Powar urges FA to charge Reds
The head of European football's anti-racism group has urged the Football Association to charge Liverpool with bringing the game into disrepute over their response to Luis Suarez's eight-match ban.
Piara Powar, executive director of European football's anti-discrimination body FARE, said Liverpool manager Kenny Dalglish's comments had been "undignified" and that their reaction had damaged the club's brand across the world. Suarez is not appealing against the ban imposed for racially abusing Manchester United's Patrice Evra.
Powar said: "This is a lack of respect for the governing body by Liverpool and the FA should charge Liverpool FC and Kenny Dalglish."

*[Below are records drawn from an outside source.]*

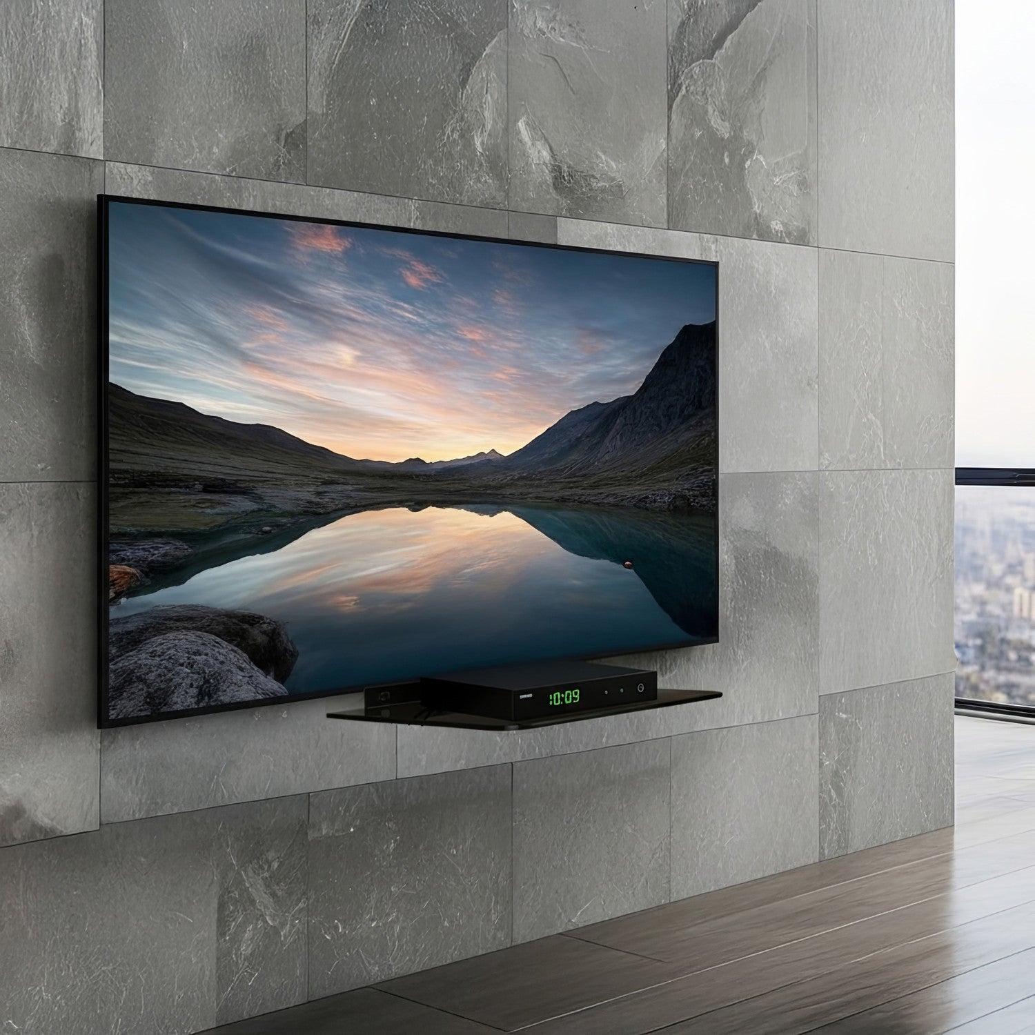 Półka szklana dedykowana urządzeniom RTV c dekoderom telewizyjnym, odtwarzaczom multimedialnym, DVD, Blu-ray, konsolom do gier i innym.
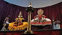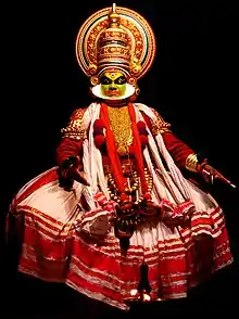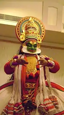 Kathakali (Malayalam: കഥകളി, kathakaḷi; Sanskrit:कथाकेळिः, kathākēḷiḥ) is a stylized classical Indian dance-drama that has its origin in Kerala. It is noted for the attractive make-up of characters, elaborate costumes, detailed gestures and well-defined body movements presented in tune with the anchor playback music and complementary percussion. It originated during the 17th century and has developed over the years with improved looks, refined gestures and added themes besides more ornate singing and precise drumming.
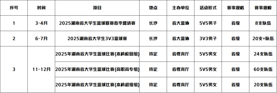湖南省大学生篮球协会2025年赛事均由优个运动、斯伯丁、迈克达威携手赞助。
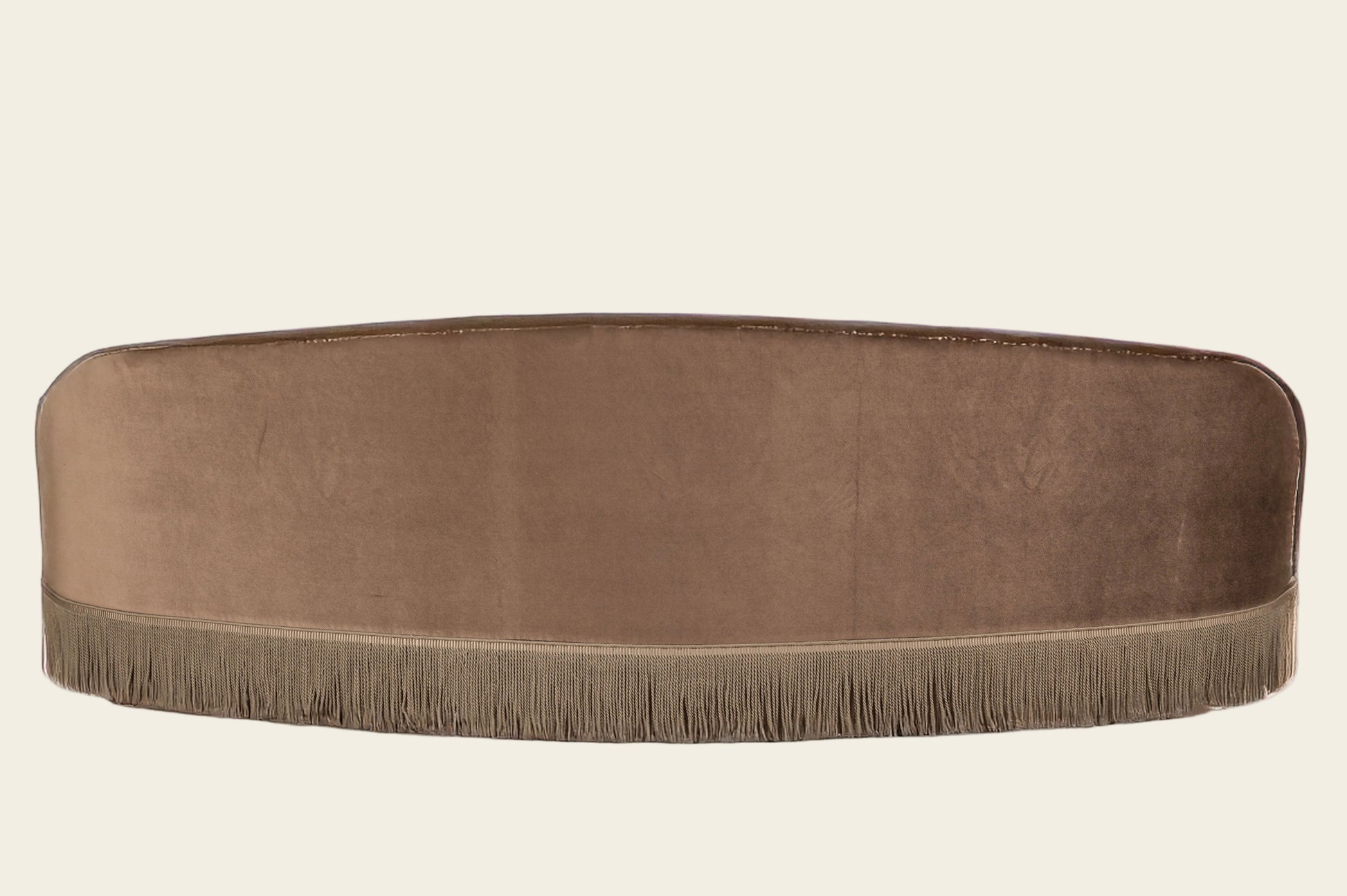 An elegant sofa with a smooth, continuous silhouette and gently rounded arms. Upholstered in soft velvet, it features a deep, comfortable seat and a refined fringe detail along the base, giving it a vintage-inspired yet timeless look. The warm brown tone and sculptural shape make it a statement piece suited for living rooms, lounges, or boutique interiors.
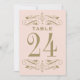 Cartões de números da mesa de casamento do estilo Vintage apresentam espirais decorativas e floresces em ambos os lados da carta. Pasta pálida, cor-de-rosa e esquema antigo de cor dourada. Personalize cada placa de número de tabela de que você precisa e adicione cada uma ao seu carrinho individualmente.
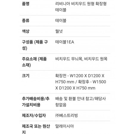 코스트코 38만원 리비니아 비치우드 원형 확장형테이블 > 물품거래
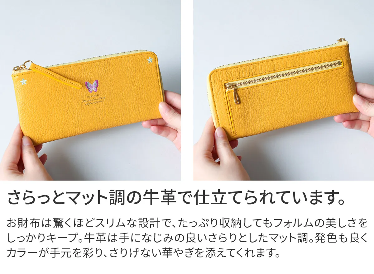 小さなワンポイントに、たくさんのときめきを。色んなモチーフを刺?であしらったカラフルなお財布シリーズ。今の自分にぴったりのお財布をチョイスすることができます。 柔らかくマットな質感のレザーで仕立てられた、豊富なカラー展開が魅力のシリーズです。前面には愛らしい刺繍がワンポイントでデザインされています。マチ幅は約1.5cmととてもスリムですが、手持ちのカードやお金、通帳まで収まる頼もしい収納力を備えた長財布です。

He added: "I think the FA should come back now and be very clear that Liverpool could be construed to have brought the game into disrepute by the way in which they have consistently undermined the judgement and by Kenny Dalglish's comments.
"Liverpool have been too keen to support their man and in doing so have whipped up a sense of paranoia amongst their fans. This is not the Liverpool FC that we have applauded in the past for their support for a whole range of issues.
"The responses from Kenny Dalglish have been undignified; the way in which they have dealt with the whole matter has been unprofessional. For the club to so aggressively militate against what looks to most people a considered judgement from the FA leads to a potential for anarchy."
Powar's call comes after Lord Ouseley, the chairman on British football's anti-racism group Kick It Out, called Liverpool "hypocritical" and Suarez's apology "lamentable".
Ouseley also described Liverpool players wearing T-shirts in support of Suarez as "dreadful".
Suarez's apology stated: "I admitted to the commission that I said a word in Spanish once and only once. I told the panel members that I will not use it again on a football pitch in England. I never, ever used this word in a derogatory way and if it offends anyone then I want to apologise for that."
Suarez did not mention Evra by name in his apology, and previously said in a statement on Tuesday he would carry out the suspension "with the resignation of someone who hasn't done anything wrong'' saying the word 'Negro' was in his country a commonly-used word which did not show any lack of respect.